En dépit de certaines tournures maniéristes qui peuvent agacer, ses observations et ce qu'il a recueilli comme témoignages auprès des acteurs de l'industrie du numérique sont édifiants. L'auteur n'est aucunement technophobe, mais il ne cache pas non plus ses convictions anticapitalistes, écologiques, et ses inquiétudes quant au développement de l'intelligence artificielle. Il fait des propositions pour prévenir le danger tant qu'il est encore temps. Dans la dernière partie de son livre, il met à profit tout ce qu'il a appris dans ce domaine pour imaginer une fiction passablement terrifiante et crédible sur ce qui pourrait arriver lors d'une catastrophe climatique frappant San Francisco, à une petite famille coincée dans son appartement grâce à l'intelligence artificielle.


AU LOIN LA LIBERTÉ
Les pièces de théâtre de l'écrivain russe Anton Tchekhov sont fréquemment jouées, mais ses nouvelles restent pour la plupart peu connues et insuffisamment éditées en collections de poche. C'est d'autant plus dommage qu'elles ouvrent de riches perspectives pour réfléchir sur la servitude et la liberté, les occasions manquées, les vies ratées, les velléités de s'émanciper.

Le philosophe Jacques Rancière ne s'y est pas trompé et propose dans « Au loin la liberté, Essai sur Tchekhov » (éd La fabrique, 2024, 115 pages) des éclairages précieux sur des nouvelles superbement écrites où l'écrivain ne délivre aucun message militant.
Pour autant, Tchekhov, en tant que médecin et citoyen, était favorable au progrès social et révolté par la misère et l'oppression de la société tsariste. Mais son rôle d'écrivain, pour ne pas dire sa « politique d'écrivain » pour reprendre l'expression de Rancière, consistait à montrer les hommes et les femmes de diverses conditions sociales aspirant fugitivement, comme par surprise, à une forme de liberté, qui bien souvent leur échappe.
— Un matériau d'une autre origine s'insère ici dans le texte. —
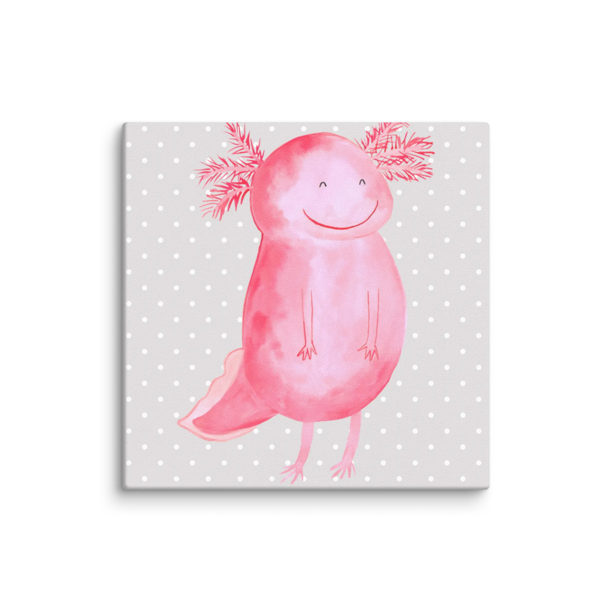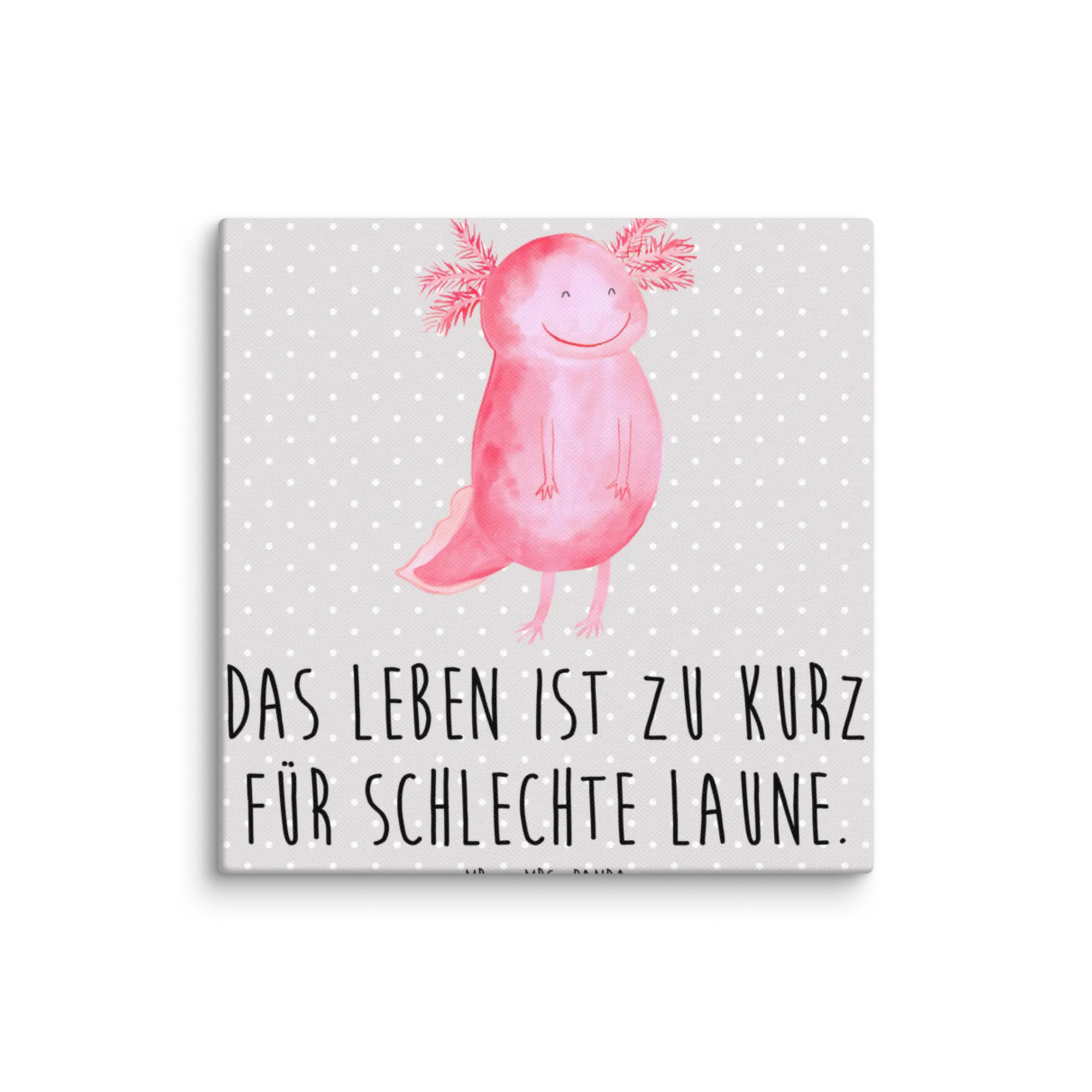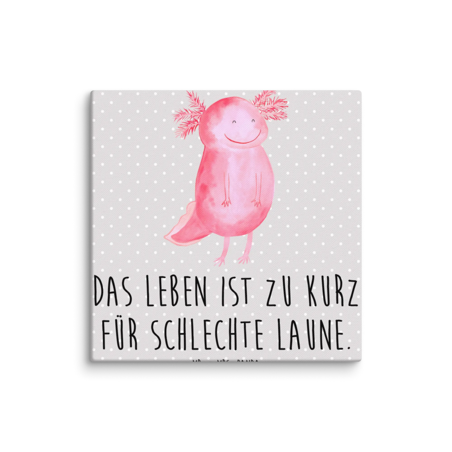 Canvas picture axolotl Happy - 40 x 40 cm - with a saying - Grey Pastel

Les humains oublient de vivre, ce qui attristait l'écrivain, car chacun n'a qu'une vie. Aucun jugement ou fatalisme chez lui. Des renversements de situations arrivent souvent dans ses récits, et les êtres engoncés dans leur routine, leur ennui ou leur servitude, pourraient saisir l'occasion d'accéder à de nouvelles formes de vie.
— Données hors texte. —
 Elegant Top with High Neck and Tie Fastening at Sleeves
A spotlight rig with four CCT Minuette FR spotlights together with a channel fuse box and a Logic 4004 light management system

PRENDRE SOIN DES ORTEILS ET DES ÂMES
Vous êtes écrivaine, vous avez 45 ans, toutes les maisons d'édition refusent votre dernière nouvelle, votre enfant s'est envolé du foyer, votre mari est gravement malade : que faire ? Chercher un autre job et ne pas se laisser abattre. L'héroïne de « Marzhan, mon amour » de Katja Oskamp (éd Zulma, 2023, 199 pages) tente une reconversion comme pédicure. Elle réussit sa formation et se fait embaucher dans un institut de beauté situé à Marzhan, un quartier à l'est de Berlin, qui était « autrefois la plus grande cité de préfabriqués en béton de la RDA ».
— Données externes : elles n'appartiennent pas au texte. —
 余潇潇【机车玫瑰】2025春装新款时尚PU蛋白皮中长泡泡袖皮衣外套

Ce n'est pas la gloire en termes de revenus, mais sur le plan humain, c'est une belle aventure. Elle découvre, avec son sens du dialogue, des vies de personnes âgées aux parcours singuliers, des histoires touchantes, parfois drôles et souvent poignantes. Car les femmes et les hommes qui viennent lui confier leurs pieds abîmés finissent par confier aussi leurs soucis, leurs petits ou grands bonheurs, avec une sincérité étonnante.

Si par hasard dernièrement, vous avez eu une petite chute de moral, lisez ce roman plein de charme ; et vous aurez envie de le faire connaître autour de vous.